I’ve written about TED Talks a few times here on the blog, but surprisingly I’ve never discussed my favourite talks on books, learning and reading fiction. I’ve come to realise there are a fair few available (although there’s certainly room for more), but here are a select few of my favourites.
In one of the most emotional TED Talks I’ve seen, Wofford College president Ben Dunlap tells the story of Sandor Teszler, a Hungarian Holocaust survivor who taught him about passionate living and lifelong learning. From opera to Harry Potter, this is a wonderful story of reaching out to all the art and learning available to us, and believing that humans are ‘fundamentally good’.

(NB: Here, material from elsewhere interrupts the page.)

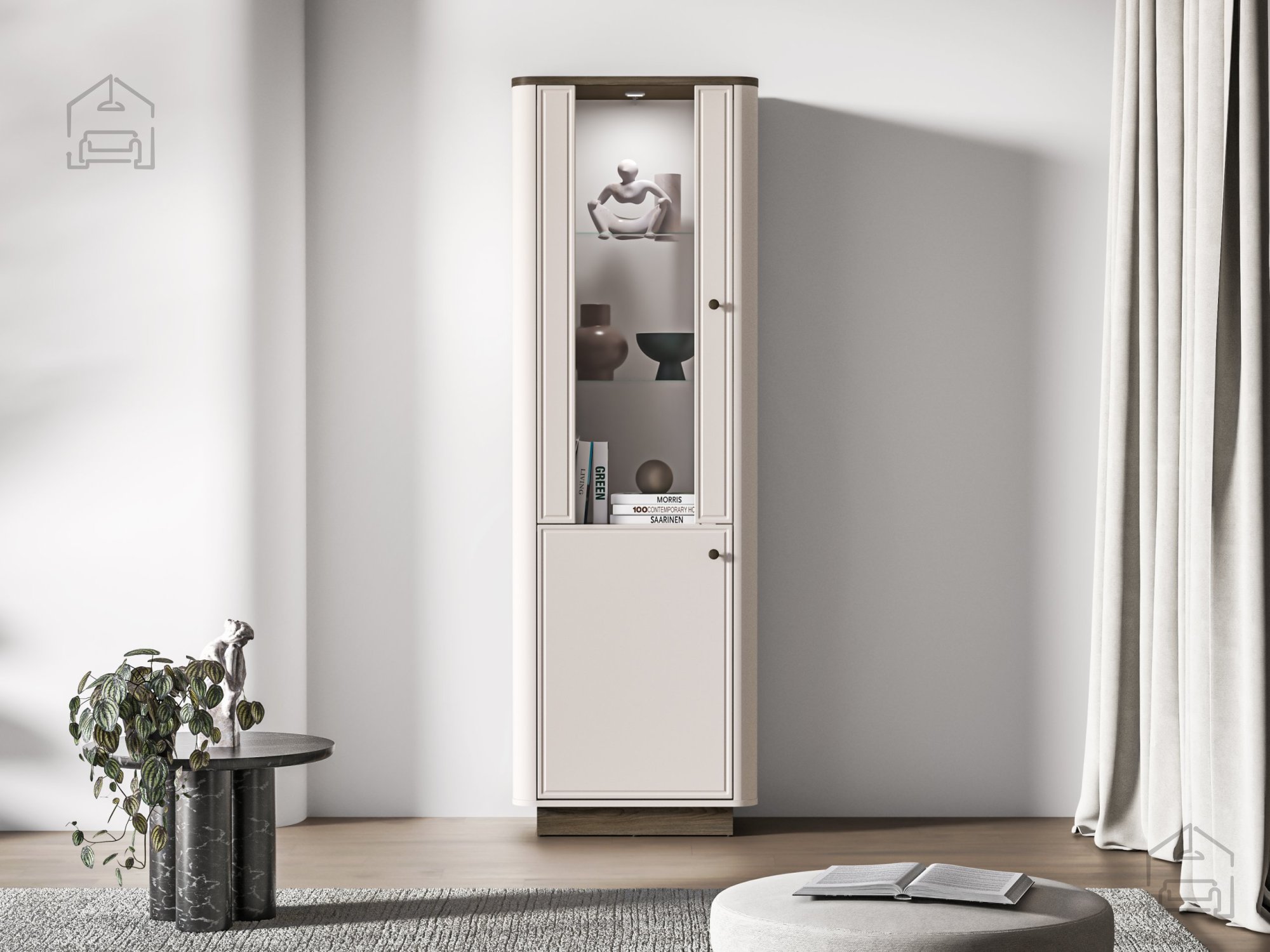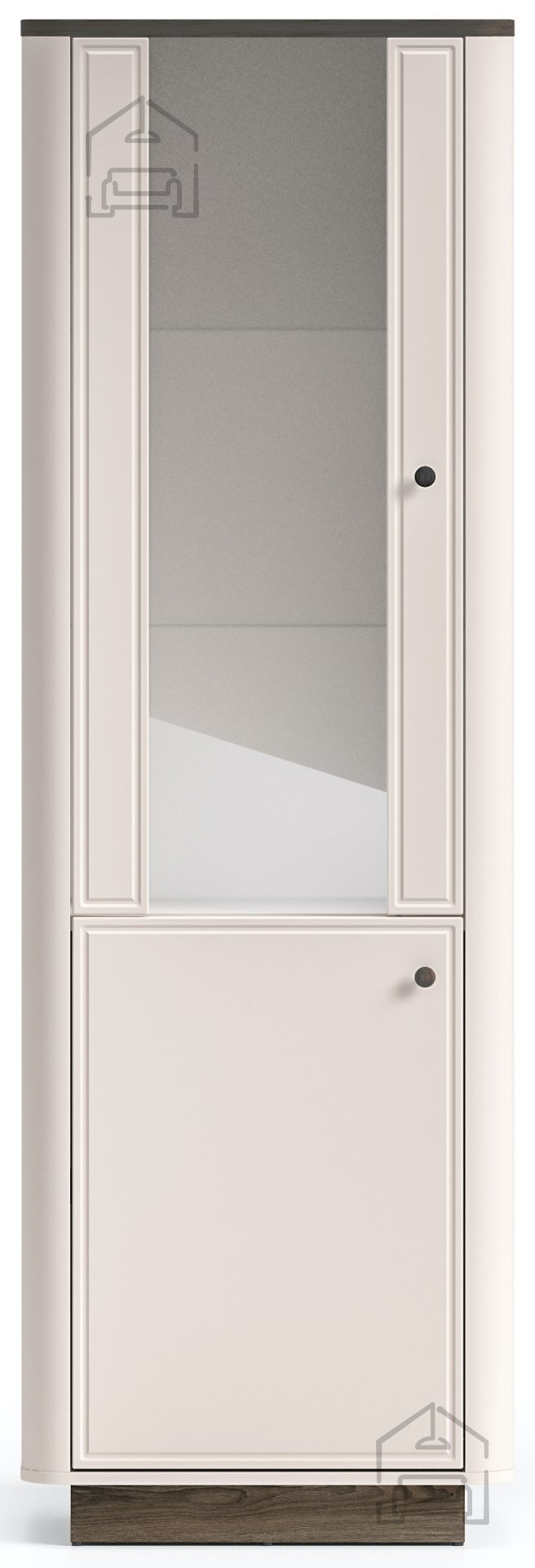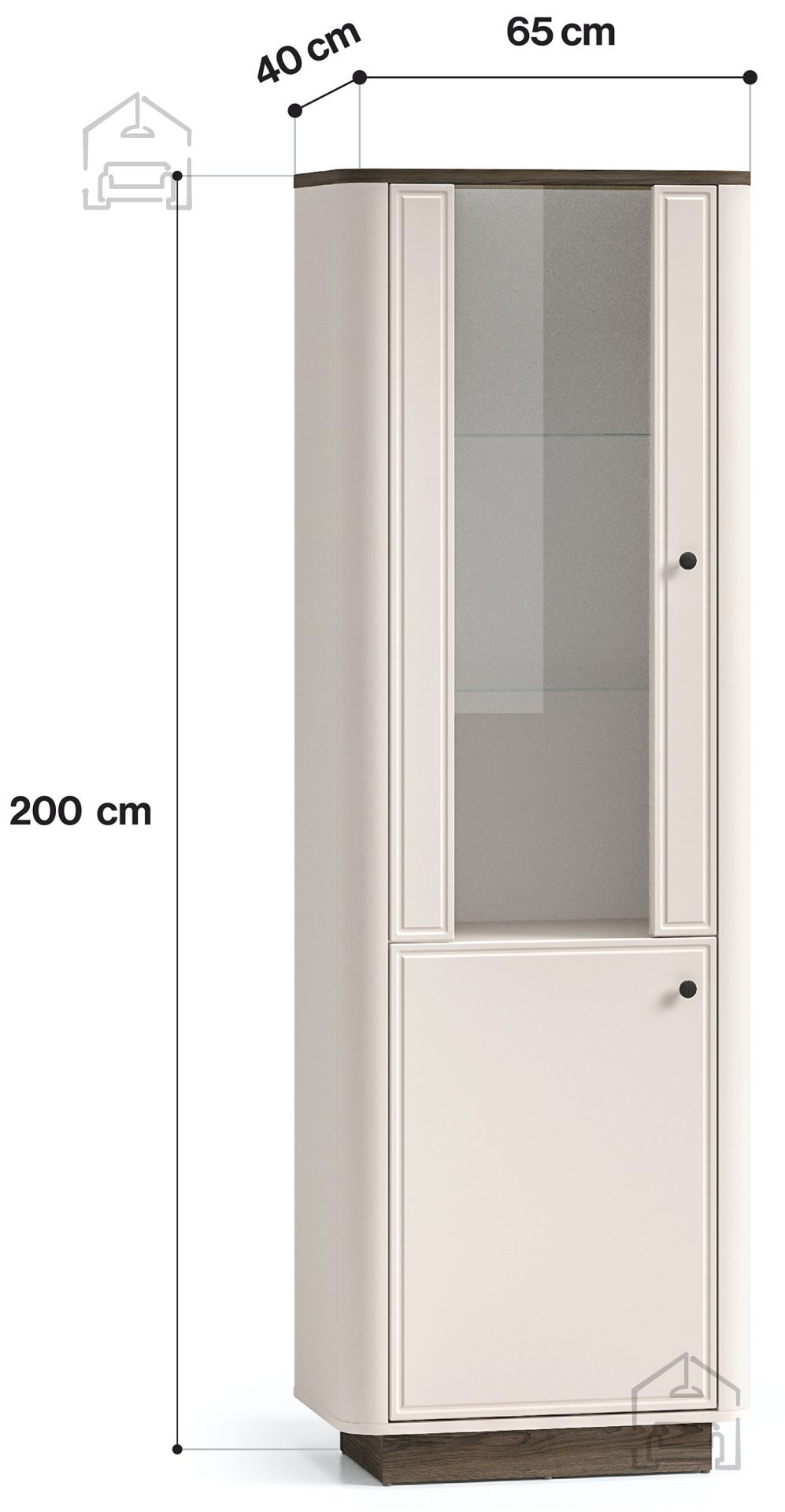Vitrina Vilavio 01 se odlikuje po prefinjenem kontrastu in harmonični obliki. Navdihuje s kombinacijo tradicionalnih elementov in sodobnega oblikovanja, kar jo naredi vsestransko uporabno v različnih slogih notranje opreme – od rustikalnih do minimalističnih. Njena navpična zasnova vizualno podaljša prostor in dodaja občutek višine, medtem ko steklena vrata omogočajo, da svetloba prodre v notranjost in poudari razstavljene predmete.

I realized, in this moment of revelation, that what these two men were revealing was the secret of their extraordinary success, each in his own right. And it lay precisely in that insatiable curiosity, that irrepressible desire to know, no matter what the subject, no matter what the cost, even at a time when the keepers of the Doomsday Clock are willing to bet even money that the human race won’t be aroundto imagine anything in the year 2100, a scant 93 years from now.
…It is this inextinguishable, undaunted appetite for learning and experience, no matter how risible, no matter how esoteric, no matter how seditious it might seem.
Wofford College president Ben Dunlap on lifelong learning, Harry Potter and great friendships. Image source.
I love this TED Talk largely because I share so many ideas with the speaker. Elif Shafak believes that listening to stories widens the imagination, allows us to surpass cultural walls, and helps us to embrace different and unfamiliar experiences and feelings.
In the end, stories move like whirling dervishes, drawing circles beyond circles. They connect all humanity, regardless of identity politics, and that is the good news.
|Elif Shafak, a believer in the universal qualities and multicultural benefits of fiction. Image source.|
I talked about Lisa Bu’s wonderful TED Talk on how books can open our minds in a separate post, although I do think it deserves to be mentioned again here.
I was afraid that for the rest of my life some second-class happiness would be the best I could hope for.
But that’s so unfair. So I was determined to find another calling. Nobody around to teach me? Fine. I turned to books.
|Lisa Bu’s testament to bibliotherapy, discussing how books can open the mind and transform our lives.|
I remember my mum reading a story to me and my two big brothers, and I remember putting up my hands to feel the page of the book, to feel the picture they were discussing.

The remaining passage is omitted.